For the image digitisation task, specimens were inspected for cleaning/remounting (if needed), before being taken to the digitisation station. A new numbering system was also devised, which implied adding to each specimen a vinyl sticker with a Barcode (Data Matrix format), as well as the corresponding text line (to ensure human and machine readability), representing the new catalogNumber (e.g. LISIXXXXXX, where X represents a number in the range [0-9]).

Digital imaging of specimens was then carried out, involving:

  1. Image capture and file renaming (according to the specimen new catalogNumber) of each specimen;
  2. Locating the specimen record in Specify;
  3. Checking minimal data correctness or adding a new record (with minimal data) to Specify.
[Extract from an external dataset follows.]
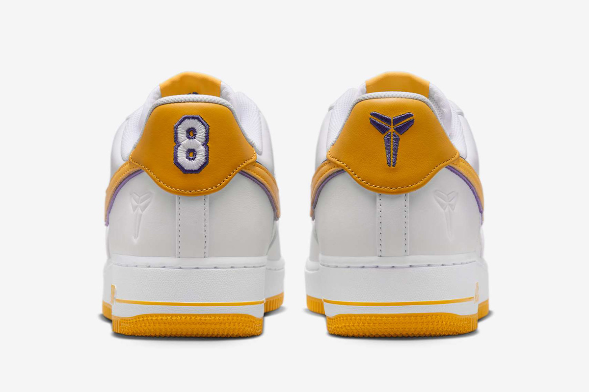 The Kobe Bryant x Nike Air Force 1 Low Retro QS ‘Lakers Home’ sports a white leather upper, accented with a Varsity Maize Swoosh outlined in purple trim. The rich yellow hue makes repeat appearances on the woven Nike tongue tag and leather back tab, featuring an embroidered ‘8’ on the left shoe and Kobe’s shield logo on the right. The latter insignia is also debossed on the lateral heel of each shoe.

Often, an additional verification of the collection locality correctness was also performed, mainly on previously existing location data (since new specimen georeferencing is a high time-consuming, tool and source data demanding job that is better performed as a specific, optimised task at a later moment).
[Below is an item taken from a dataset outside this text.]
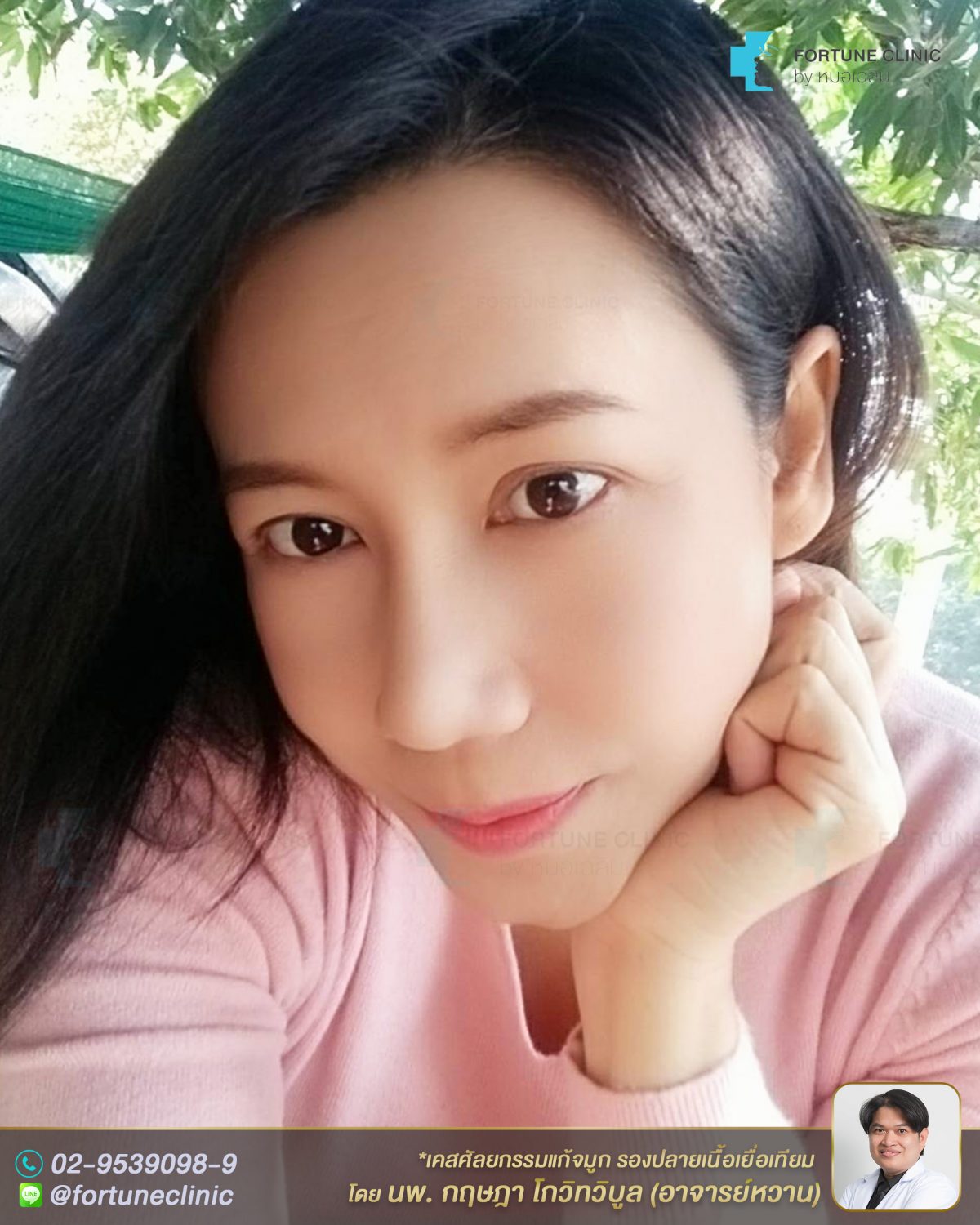 หลังแก้จมูก คนไข้หน้าเปลี่ยนเด็กลงมาก จมูกสวยเนียนขึ้น ดูเป็นธรรมชาติ รูปหน้ามีมิติสวยขึ้น อ่อนเยาว์ลง สันจมูกดูเรียบเนียน ปลายจมูกยาวขึ้นและเรียวเล็กลง หน้าหวานขึ้น ปีกจมูกเรียวสวยขึ้นทั้งที่ไม่ได้ตัดปีกเลยค่า

Monitoring of digitisation rates was performed informally, by registering day-by-day imaging rates on a spreadsheet. Log data in Specify database (e.g. create or update timestamps) are an option, but in a limited way, because record creation date relates to the date of data imports to Specify, and update date can vary if record is edited multiple times or by multiple database users.

The numbers obtained are highly conditioned by a number of factors, which vary dynamically and for person to person. Some of the most significant influencing factors seem to be:

  • Digitiser/database operator’s experience level and familiarity with equipment and its setup;
  • Up-to-date level of information in the database. Groups of specimens recently reviewed require fewer effort to update data (e.g. taxonomic updates in the database);
  • Image station acquisition speed (e.g. flatbed scanners are much slower then planetary scanners);
  • Handwritten labels readability, detail level (especially regarding specimen collection location data) and correctness;
  • Frequency of ‘new record’ operations, which are more time-consuming then ‘minimal data checking’ operations;
  • The need for ‘resting breaks’ from the operator, since the tasks performed demand a high level of concentration, which is hard to maintain over long periods of time.

Over a period of 169 working days (about 8 working months, and considering a 7 hour/day journey) overall figures showed an average of 50 and a median of 48 specimens digitised and database checked, per day. Considering just the imaging tasks, this number can easily rise to about 150 specimens processed by day. The figure below provides a quick view of the spread of rates for the whole period.

Box plot of daily specimen digitisation rates at LISI

Figure: Box-plot representation of the daily specimen digitisation rates at LISI Herbarium. The x symbol represents the average.

All operations involved in three distinct digitization phases (Pre-digitisation curation - tasks occurring prior to databasing or imaging; Digital Image workflow - scanner setup, image capture, image processing and image archiving; Post-digitisation curation - image quality control and data quality control) are described in detail in the LISI Herbarium Workflow, as well as represented in the diagrams available at the LISI Herbarium workflow on this website.

Monitoring Processes for KPI and Downstream Monitoring

Downstream monitoring refers to the usage of data acquired during digitisation projects. Strictly speaking this is not part of a given digitisation project, but applies to departmental or institutional digitisation objectives. In the following downstream monitoring is referred to as a key performance indicator (KPI). A KPI is a type of performance measurement used to evaluate the success of an institution or organisation. More specifically, it can evaluate the progress and success of certain projects or initiatives the institution is involved in, according to the respective project goals. The success can also be defined as how the institution is making progress towards strategic goals (institutional KPIs).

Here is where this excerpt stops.